I suggest that you allocate and free images like this:
// Allocate:
char * image = new char [height * width];
// Free:
delete[] image;
That's it; no nasty (de)allocation loops, and every image is one contiguous block of memory. When you want to access row i and column j (note which is which) you do it like this:
image[i * width + j] = 42;
char x = image[i * width + j];
And you'd calculate the histogram like this:
void histogram (
unsigned char * image, int height, int width,
// Note that the elements here are pixel-counts, not colors!
vector<unsigned> & histogram
) {
// Make sure histogram has enough room; you can do this outside as well.
if (histogram.size() < 256)
histogram.resize (256, 0);
int pixels = height * width;
for (int i = 0; i < pixels; ++i)
histogram[image[i]]++;
}
I've eliminated the printing code, which should not be there anyway.
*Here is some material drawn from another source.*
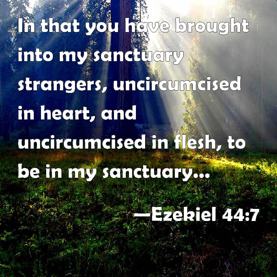 Choose a Background Ezekiel 44:7 In that you have brought into my sanctuary strangers, uncircumcised in heart, and uncircumcised in flesh, to be in my sanctuary, to pollute it, even my house, when you offer my bread, the fat and the blood, and they have broken my covenant because of all your abominations. KJV: In that ye have brought into my sanctuary strangers, uncircumcised in heart, and uncircumcised in flesh, to be in my sanctuary, to pollute it, even my house, when ye offer my bread, the fat and the blood, and they have broken my covenant because of all your abominations. DRB: In that you have brought in strangers uncircumcised in heart, and uncircumcised in flesh, to be in my sanctuary, and to defile my house: and you offer my bread, the fat, and the blood: and you have broken my covenant by all your wicked doings. DBT: in that ye have brought strangers, uncircumcised in heart and uncircumcised in flesh, to be in my sanctuary, to profane it, even my house, when ye offered my bread, the fat and the blood; and they have broken my covenant besides all your abominations. ERV: in that ye have brought in aliens, uncircumcised in heart and uncircumcised in flesh, to be in my sanctuary, to profane it, even my house, when ye offer my bread, the fat and the blood, and they have broken my covenant, to add unto all your abominations. WBT: In that ye have brought into my sanctuary strangers, uncircumcised in heart, and uncircumcised in flesh, to be in my sanctuary, to pollute it, even my house, when ye offer my bread, the fat and the blood, and they have broken my covenant because of all your abominations. WEB: in that you have brought in foreigners, uncircumcised in heart and uncircumcised in flesh, to be in my sanctuary, to profane it, even my house, when you offer my bread, the fat and the blood, and they have broken my covenant, [to add] to all your abominations. YLT: In your bringing in sons of a stranger, uncircumcised of heart, and uncircumcised of flesh, to be in My sanctuary, to pollute it, even My house, in your bringing near My bread, fat, and blood, and they break My covenant by all your abominations,Links Ezekiel 44:7 NIV • Ezekiel 44:7 NLT • Ezekiel 44:7 ESV • Ezekiel 44:7 NASB • Ezekiel 44:7 KJV • Ezekiel 44:7 Interlinear • Ezekiel 44:7 Commentaries • Ezekiel 44:7 Parallel Texts • Ezekiel 44:7 Bible Apps • Ezekiel 44:7 Parallel • Bible Hub |

Note that I've used a single loop to go through the whole image; this is another advantage of allocating a 1D array. Also, for this particular function, it doesn't matter whether your images are row-major or column major, since it doesn't matter in what order we go through the pixels; it only matters that we go through all the pixels and nothing more.
UPDATE: After the question update, I think all of the above discussion is moot and notwithstanding! I believe the problem could be in the declaration of the histogram vector. It should be a vector of unsigned ints, not single bytes. Your problem seems to be that the value of the vector elements seem to stay at zero when your simplify the code and increment just one element, and are off from the values they need to be when you run the actual code. Well, this could be a symptom of numeric wrap-around. If the number of pixels in your image are a a multiple of 256 (e.g. 32x32 or 1024x1024 image) then it is natural that the sum of their number would be 0 mod 256.
I've already alluded to this point in my original answer. If you read my implementation of the histogram function, you see in the signature that I've declared my vector as vector<unsigned> and have put a comment above it that says this victor counts pixels, so its data type should be suitable.
I guess I should have made it bolder and clearer! I hope this solves your problem.